Given entries:
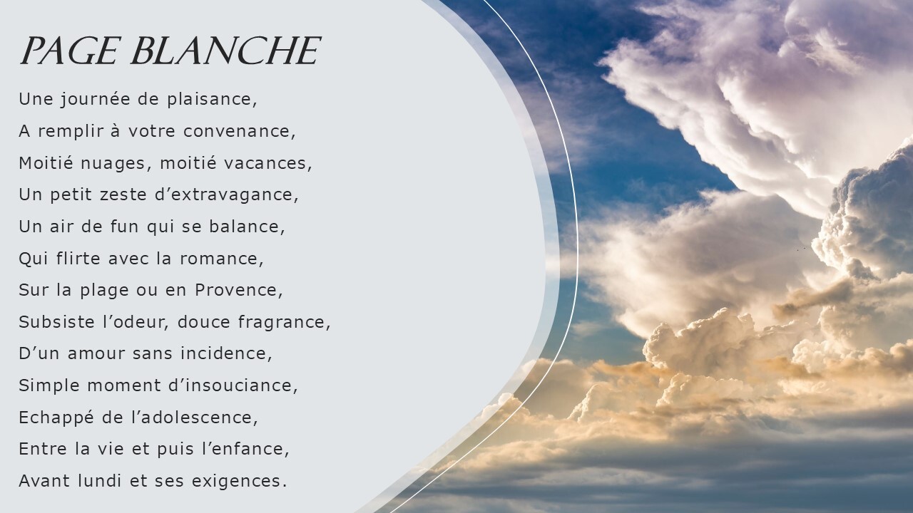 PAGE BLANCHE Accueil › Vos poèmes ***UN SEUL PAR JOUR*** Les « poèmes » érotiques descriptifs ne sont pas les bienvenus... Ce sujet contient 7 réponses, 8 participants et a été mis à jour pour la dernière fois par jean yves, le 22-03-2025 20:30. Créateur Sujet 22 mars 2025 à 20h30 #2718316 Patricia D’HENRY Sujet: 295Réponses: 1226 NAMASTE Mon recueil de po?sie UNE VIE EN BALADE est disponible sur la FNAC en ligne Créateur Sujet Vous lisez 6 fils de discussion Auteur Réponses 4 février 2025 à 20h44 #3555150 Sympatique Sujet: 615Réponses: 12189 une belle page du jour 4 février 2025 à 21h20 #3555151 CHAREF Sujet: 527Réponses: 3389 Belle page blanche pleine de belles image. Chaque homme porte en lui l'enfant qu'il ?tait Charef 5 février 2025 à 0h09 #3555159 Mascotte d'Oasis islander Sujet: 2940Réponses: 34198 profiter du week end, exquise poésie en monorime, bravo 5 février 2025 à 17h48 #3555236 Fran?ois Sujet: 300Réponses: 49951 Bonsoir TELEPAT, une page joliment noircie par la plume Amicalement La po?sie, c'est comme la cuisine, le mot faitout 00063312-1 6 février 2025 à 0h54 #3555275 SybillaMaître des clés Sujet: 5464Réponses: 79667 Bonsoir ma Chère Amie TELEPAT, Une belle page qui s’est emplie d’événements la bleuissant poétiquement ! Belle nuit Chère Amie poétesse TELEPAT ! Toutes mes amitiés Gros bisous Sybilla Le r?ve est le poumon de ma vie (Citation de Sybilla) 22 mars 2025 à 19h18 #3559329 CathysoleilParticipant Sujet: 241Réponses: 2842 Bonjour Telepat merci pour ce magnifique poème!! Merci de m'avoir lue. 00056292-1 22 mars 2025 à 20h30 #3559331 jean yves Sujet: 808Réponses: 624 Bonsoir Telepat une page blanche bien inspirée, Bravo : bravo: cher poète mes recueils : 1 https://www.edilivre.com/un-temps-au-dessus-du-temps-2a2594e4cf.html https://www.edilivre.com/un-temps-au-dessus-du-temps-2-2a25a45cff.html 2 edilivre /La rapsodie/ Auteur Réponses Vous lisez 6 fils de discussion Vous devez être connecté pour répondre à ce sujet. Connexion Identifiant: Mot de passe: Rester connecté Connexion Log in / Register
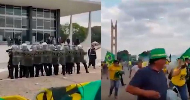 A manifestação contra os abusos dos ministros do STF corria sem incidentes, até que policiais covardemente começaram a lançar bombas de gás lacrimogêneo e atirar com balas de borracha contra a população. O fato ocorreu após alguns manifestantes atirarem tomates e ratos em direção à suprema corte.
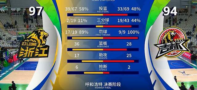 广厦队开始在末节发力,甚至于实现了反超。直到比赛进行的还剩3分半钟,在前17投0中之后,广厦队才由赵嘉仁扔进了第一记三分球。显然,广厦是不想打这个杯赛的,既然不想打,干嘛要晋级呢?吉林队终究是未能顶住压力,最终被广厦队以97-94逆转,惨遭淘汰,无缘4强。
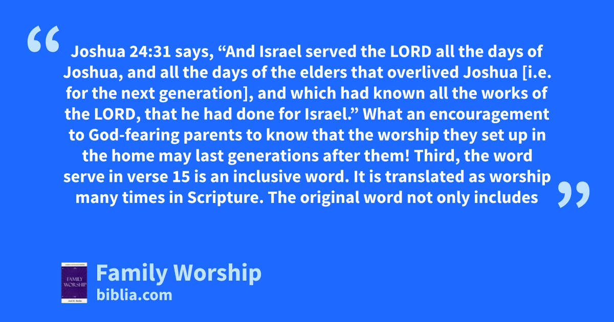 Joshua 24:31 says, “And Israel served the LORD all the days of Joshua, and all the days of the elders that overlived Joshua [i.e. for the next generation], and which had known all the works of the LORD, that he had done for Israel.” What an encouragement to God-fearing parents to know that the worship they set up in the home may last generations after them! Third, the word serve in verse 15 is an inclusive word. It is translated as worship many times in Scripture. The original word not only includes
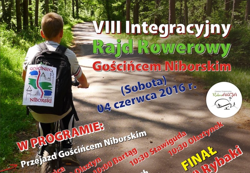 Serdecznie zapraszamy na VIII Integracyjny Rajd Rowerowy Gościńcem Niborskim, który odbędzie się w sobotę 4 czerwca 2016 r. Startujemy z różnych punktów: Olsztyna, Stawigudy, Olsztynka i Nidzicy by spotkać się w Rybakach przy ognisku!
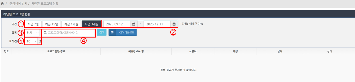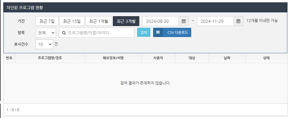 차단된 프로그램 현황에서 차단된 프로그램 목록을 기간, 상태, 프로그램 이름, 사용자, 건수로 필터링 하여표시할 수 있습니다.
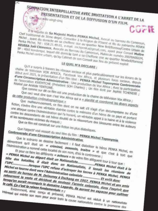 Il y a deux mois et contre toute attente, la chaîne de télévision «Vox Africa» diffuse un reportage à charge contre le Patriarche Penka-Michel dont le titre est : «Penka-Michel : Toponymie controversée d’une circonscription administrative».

What is needed:
The finished copy should match the data above word for word and contain no pictures.

Task result:
 PAGE BLANCHE Accueil › Vos poèmes ***UN SEUL PAR JOUR*** Les « poèmes » érotiques descriptifs ne sont pas les bienvenus... Ce sujet contient 7 réponses, 8 participants et a été mis à jour pour la dernière fois par jean yves, le 22-03-2025 20:30. Créateur Sujet 22 mars 2025 à 20h30 #2718316 Patricia D’HENRY Sujet: 295Réponses: 1226 NAMASTE Mon recueil de po?sie UNE VIE EN BALADE est disponible sur la FNAC en ligne Créateur Sujet Vous lisez 6 fils de discussion Auteur Réponses 4 février 2025 à 20h44 #3555150 Sympatique Sujet: 615Réponses: 12189 une belle page du jour 4 février 2025 à 21h20 #3555151 CHAREF Sujet: 527Réponses: 3389 Belle page blanche pleine de belles image. Chaque homme porte en lui l'enfant qu'il ?tait Charef 5 février 2025 à 0h09 #3555159 Mascotte d'Oasis islander Sujet: 2940Réponses: 34198 profiter du week end, exquise poésie en monorime, bravo 5 février 2025 à 17h48 #3555236 Fran?ois Sujet: 300Réponses: 49951 Bonsoir TELEPAT, une page joliment noircie par la plume Amicalement La po?sie, c'est comme la cuisine, le mot faitout 00063312-1 6 février 2025 à 0h54 #3555275 SybillaMaître des clés Sujet: 5464Réponses: 79667 Bonsoir ma Chère Amie TELEPAT, Une belle page qui s’est emplie d’événements la bleuissant poétiquement ! Belle nuit Chère Amie poétesse TELEPAT ! Toutes mes amitiés Gros bisous Sybilla Le r?ve est le poumon de ma vie (Citation de Sybilla) 22 mars 2025 à 19h18 #3559329 CathysoleilParticipant Sujet: 241Réponses: 2842 Bonjour Telepat merci pour ce magnifique poème!! Merci de m'avoir lue. 00056292-1 22 mars 2025 à 20h30 #3559331 jean yves Sujet: 808Réponses: 624 Bonsoir Telepat une page blanche bien inspirée, Bravo : bravo: cher poète mes recueils : 1 https://www.edilivre.com/un-temps-au-dessus-du-temps-2a2594e4cf.html https://www.edilivre.com/un-temps-au-dessus-du-temps-2-2a25a45cff.html 2 edilivre /La rapsodie/ Auteur Réponses Vous lisez 6 fils de discussion Vous devez être connecté pour répondre à ce sujet. Connexion Identifiant: Mot de passe: Rester connecté Connexion Log in / Register
 A manifestação contra os abusos dos ministros do STF corria sem incidentes, até que policiais covardemente começaram a lançar bombas de gás lacrimogêneo e atirar com balas de borracha contra a população. O fato ocorreu após alguns manifestantes atirarem tomates e ratos em direção à suprema corte.
 广厦队开始在末节发力,甚至于实现了反超。直到比赛进行的还剩3分半钟,在前17投0中之后,广厦队才由赵嘉仁扔进了第一记三分球。显然,广厦是不想打这个杯赛的,既然不想打,干嘛要晋级呢?吉林队终究是未能顶住压力,最终被广厦队以97-94逆转,惨遭淘汰,无缘4强。
 Joshua 24:31 says, “And Israel served the LORD all the days of Joshua, and all the days of the elders that overlived Joshua [i.e. for the next generation], and which had known all the works of the LORD, that he had done for Israel.” What an encouragement to God-fearing parents to know that the worship they set up in the home may last generations after them! Third, the word serve in verse 15 is an inclusive word. It is translated as worship many times in Scripture. The original word not only includes
 Serdecznie zapraszamy na VIII Integracyjny Rajd Rowerowy Gościńcem Niborskim, który odbędzie się w sobotę 4 czerwca 2016 r. Startujemy z różnych punktów: Olsztyna, Stawigudy, Olsztynka i Nidzicy by spotkać się w Rybakach przy ognisku!
 차단된 프로그램 현황에서 차단된 프로그램 목록을 기간, 상태, 프로그램 이름, 사용자, 건수로 필터링 하여표시할 수 있습니다.
 Il y a deux mois et contre toute attente, la chaîne de télévision «Vox Africa» diffuse un reportage à charge contre le Patriarche Penka-Michel dont le titre est : «Penka-Michel : Toponymie controversée d’une circonscription administrative».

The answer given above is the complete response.